The contemporary boom of global avocado consumption has drawn attention to Mexico’s industry and the expanding criminal networks that surround it. In fact, avocado production and exports – both to the United States and the European Union − display worrying signs of criminal organizations being involved in the market, human rights violations, and environmental and health impacts.

Yet, contrary to studies that have tended to present organized crime as a barrier to business, our policy report shows that the industry has grown despite, or parallel to, rising levels of violence and criminal networks.

Focusing on the state of Michoacán, the world’s n°1 producer of avocado, “Violent and vibrant” shows how international demand and organized crime groups have shaped a multi-billion-dollar industry in which politico-criminal relations continue to play a crucial role.

While the European Union and Mexico are in the final rounds of negotiations towards the “modernization” of the EU-Mexico Trade Agreement (Global Agreement) our objective is to understand the dynamics of violence that accompanied the avocado boom, including organized crime activities, human rights violations, environmental crime and harm, and the potential impact of further liberalizing trade between Mexico and the EU.

Over the past decades, the Mexican avocado market’s exponential growth has been accompanied by rising levels of violence. Between 1994, the first year that the North American Free Trade Agreement was signed, and 2021, avocado production increased by 213% and value increased by 7071% in a market that had included the European Union since 2000, when the first EU−Mexico Economic Partnership, Political Coordination and Cooperation Agreement (Global Agreement) came into force. In the meantime, between 2005 and 2015, homicides fluctuated between 17 and 24 per 100 000 people per year in Michoacán. Then, between 2016 and 2021, as the production value of avocados exploded, homicides increased as well, reaching 54 homicides per 100 000 people (2 628 in total).

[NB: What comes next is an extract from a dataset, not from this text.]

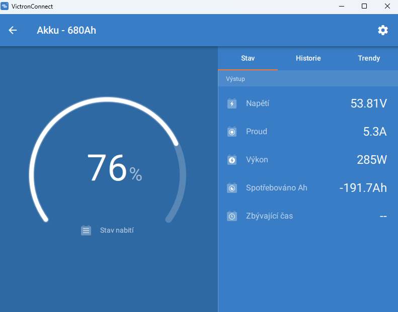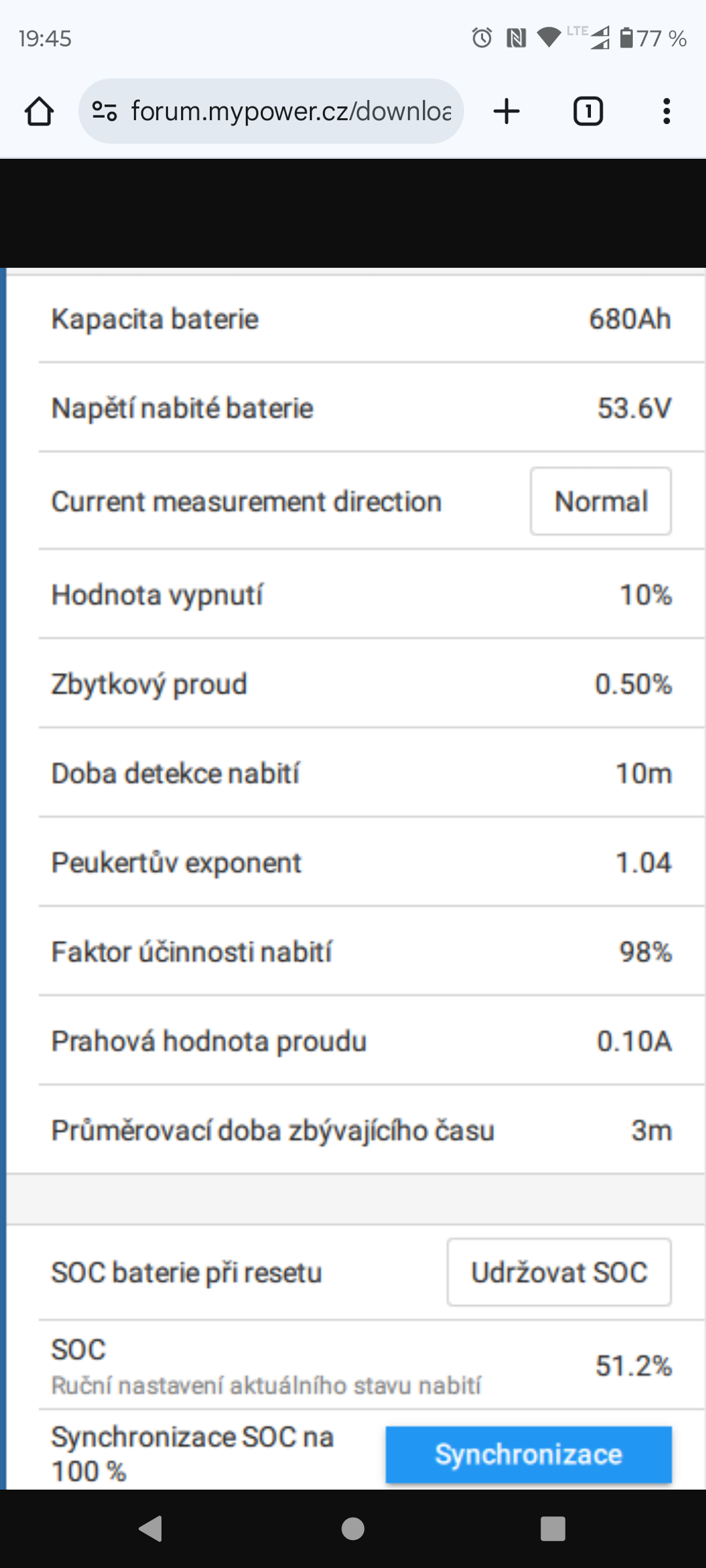 Jsi si jistý, že chápeš logiku pokynů VICTRON správně ... ?? To co tam má je horní napětí - kam až systém nabíjí baterii, resp kde ji SHUNT bere za plnouglottis píše: stř črc 30, 2025 8:25 amTohle je sporne, sam victron radi dat tam float. Vetsi problem je ten tail current - zbytkovy proud. 0,5% je hodne malo i na 680Ah baterie. To je 15A a jeste docela dlouha doba klidu ... 10 minut. 10 minut musi byt proud do baterie mensi nez 15A a napeti vyssi nez 53,6VAldron píše: stř črc 30, 2025 7:50 amTo napätie nemáš dobre. Sledujem, píšem, ale nepostrehol som, že by ti niekto radil dať tam float hodnotu. 53,6V rozhodne nezodpovedá 100% nabitiu. Daj tam bulk-0,1V ako si to mal predtým a bude to OK.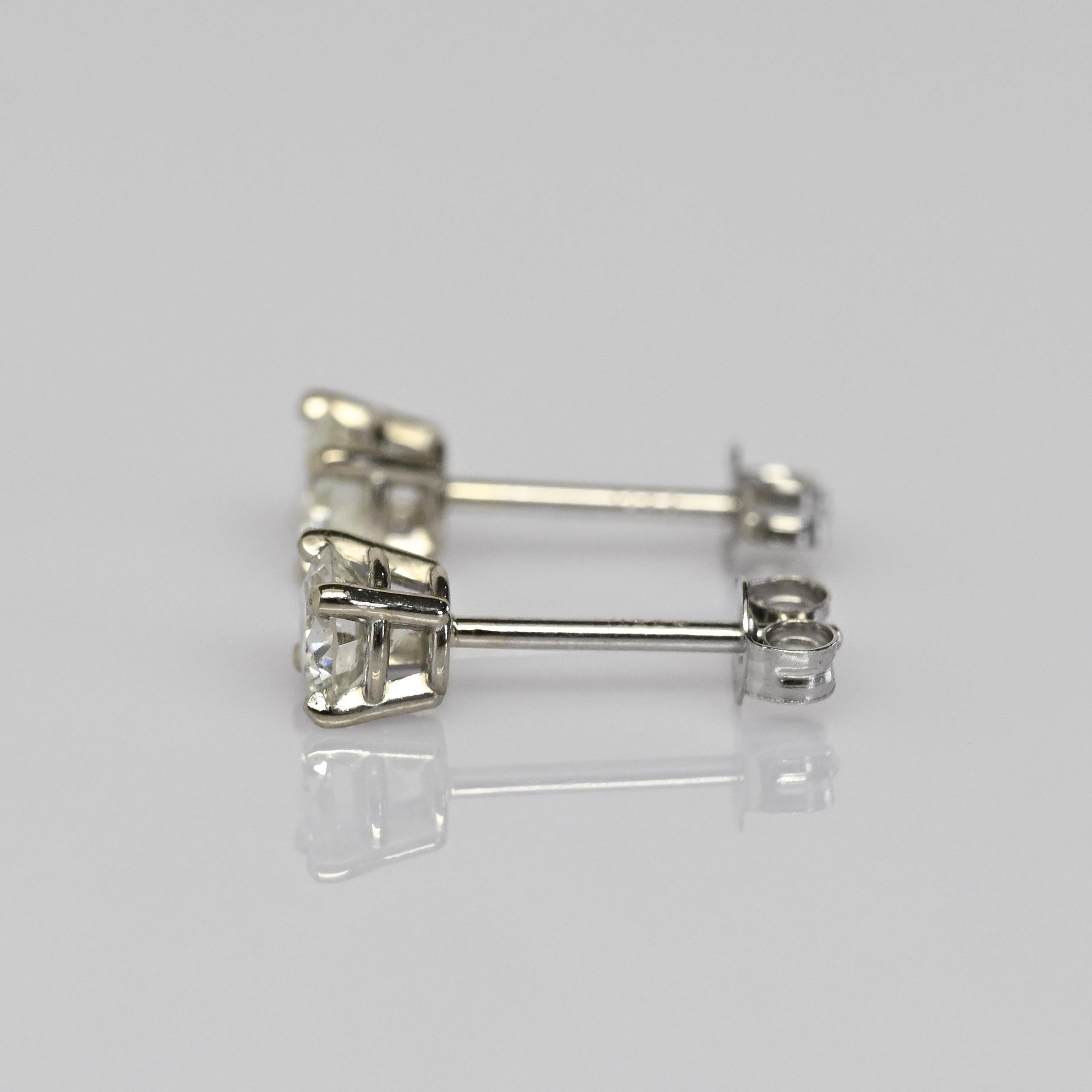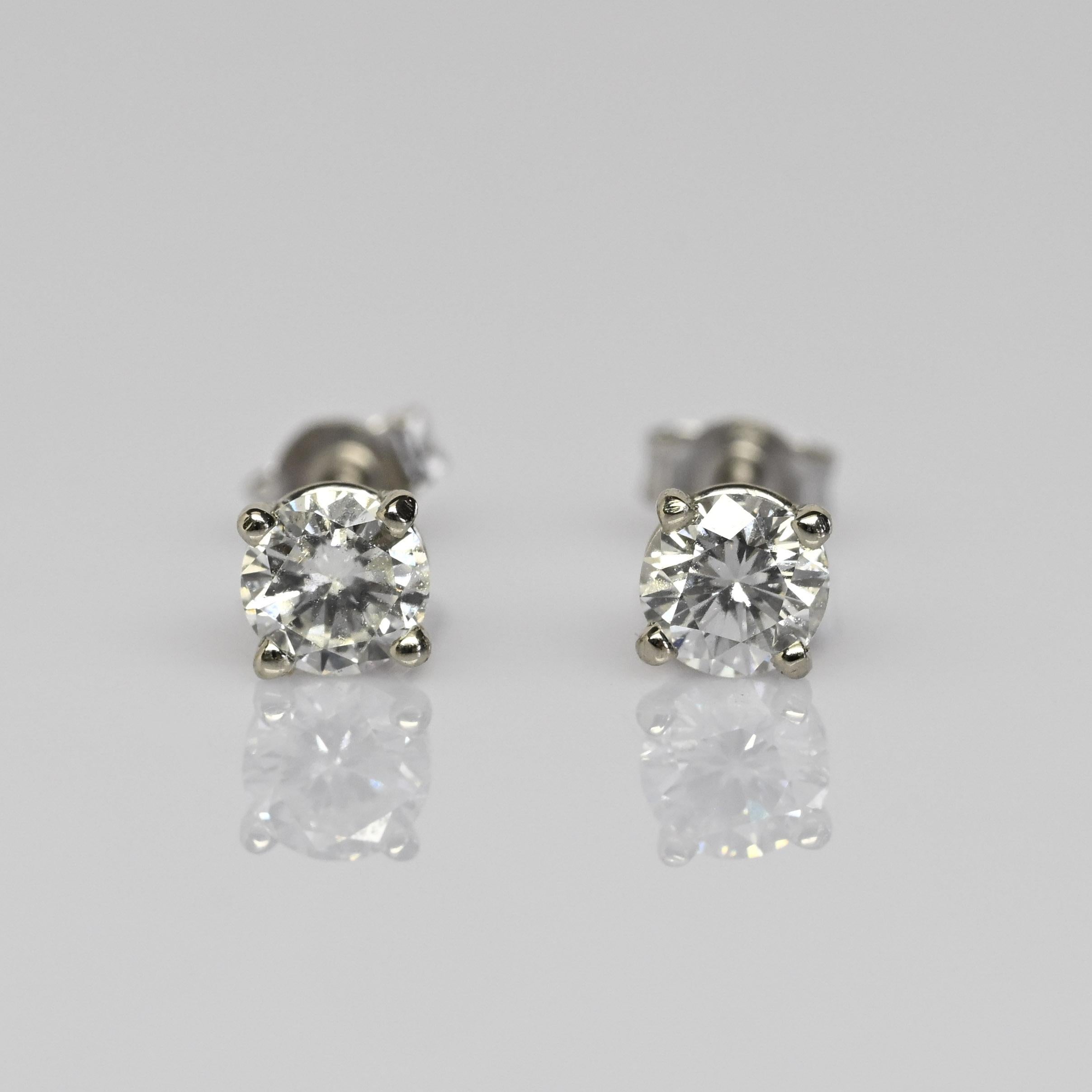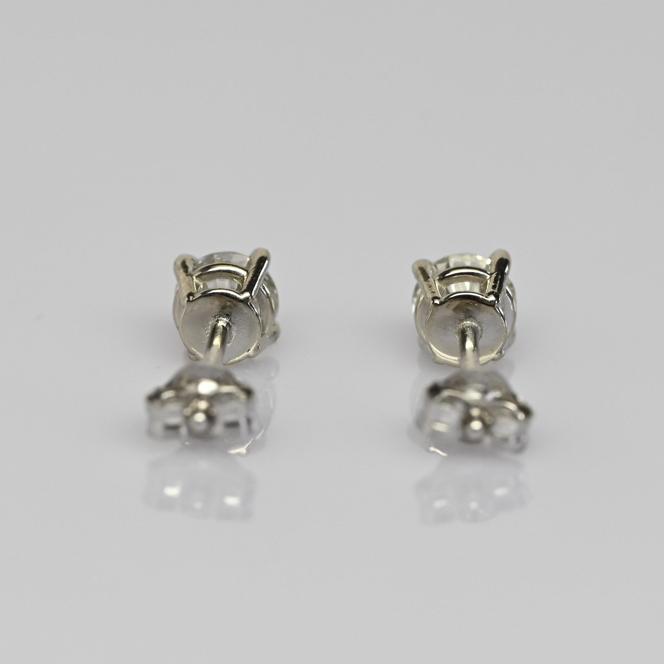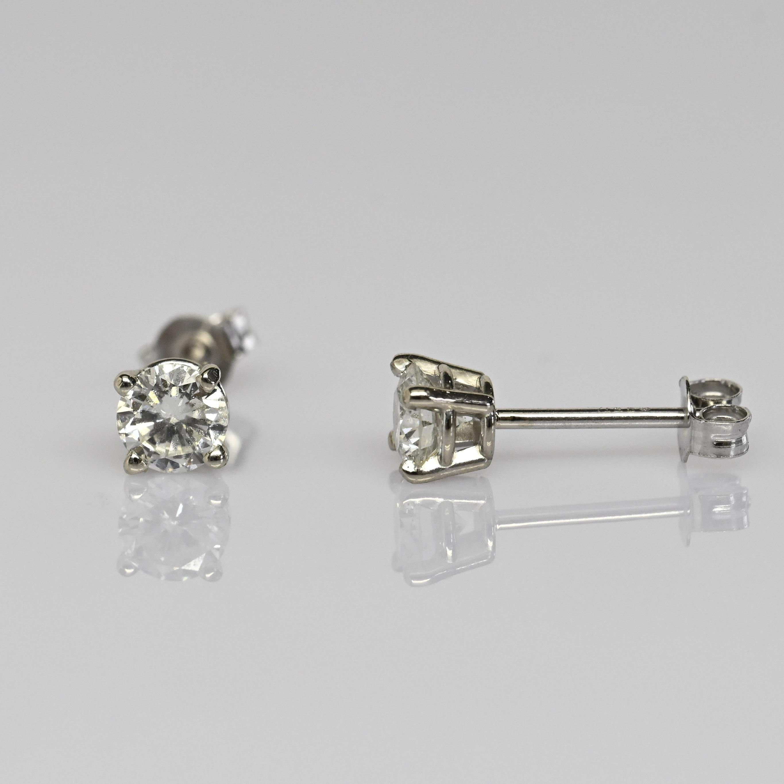 These classic diamond stud earrings feature a total of 0.71 carats of sparkling round diamonds set in timeless 14k white gold. Secured in elegant four-prong settings, the diamonds offer beautiful brilliance and everyday versatility. A perfect staple piece, these studs transition effortlessly from daily wear to special occasions.

Increased international demand led to an expansion of land dedicated to avocado production, to the detriment of forest cover, resulting in deforestation and the subsequent degradation of soil, water, and biodiversity. According to the Mexican National Forestry Commission (CONAFOR), between 2001 and 2018, gross deforestation occurred on 269 676 hectares (ha) in Michoacán (14 982 ha per year), of which 70.69% were transformed into grasslands and 28.16% into cropland. Moreover, official sources state that 80% of the avocado orchards in Michoacán were established illegally, initially through unauthorized land use that was then turned into legal parcels thanks to corruption of public authorities. The substitution of forests for orchards is also associated with a reduction of fauna species, while studies found traces of chemical pesticides in the aquifer, resulting in contaminated water for human consumption and associated health diseases.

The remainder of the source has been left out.